Schlussfolgerung: Präoperativ muss geklärt werden, ob das Operationsfeld sich auf einer konvexen oder konkaven Stelle befindet, indem eine a. p. Röntgenaufnahme erstellt wird. Aus den erarbeiteten Messwerten ergeben sich nun folgende Schlussfolgerungen für die Operation mit interlaminärem Zugang: Aus Messung (3) und (4) geht hervor, dass der Durasack zur konkaven Seite verschoben ist, sodass der laterale Durarand im konvexseitigen Situs medialer und im konkavseitigen Situs lateraler erscheint. Deswegen muss das Operationsfenster bei Lumbalskoliose auf der Konvexseite mehr nach medial und auf der Konkavseite mehr nach lateral verschoben werden.

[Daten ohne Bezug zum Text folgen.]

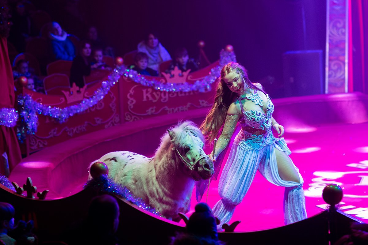 Танцы, свет и шоу-балет. Украшает представление. Шоу-балет цирка кудзинов. Под руководством шпрехшталмейстеров Оксаны Кудзиновой и Андрея Вяжевича — стильные массовые постановки, танцы и парады под куполом цирка.

Die Nervenwurzel liegt konkavseitig dichter am Pedikel als konvexseitig (Messung 6 und 7), der Nervenwurzelabgangswinkel ist bei der konkavseitigen Nervenwurzel größer als bei der konvexseitigen Nervenwurzel (Messung 8).

Die Schonung der Wirbelsäule und ihrer beinhalteten Strukturen ist das Hauptziel bei Anwendung eines mikroskopischen Verfahrens. Ist einmal der Situs freigelegt, sollte der Operateur an der richtigen Stelle sein. Andernfalls muss er sich dorthin präparieren und die Traumatisierung wird größer.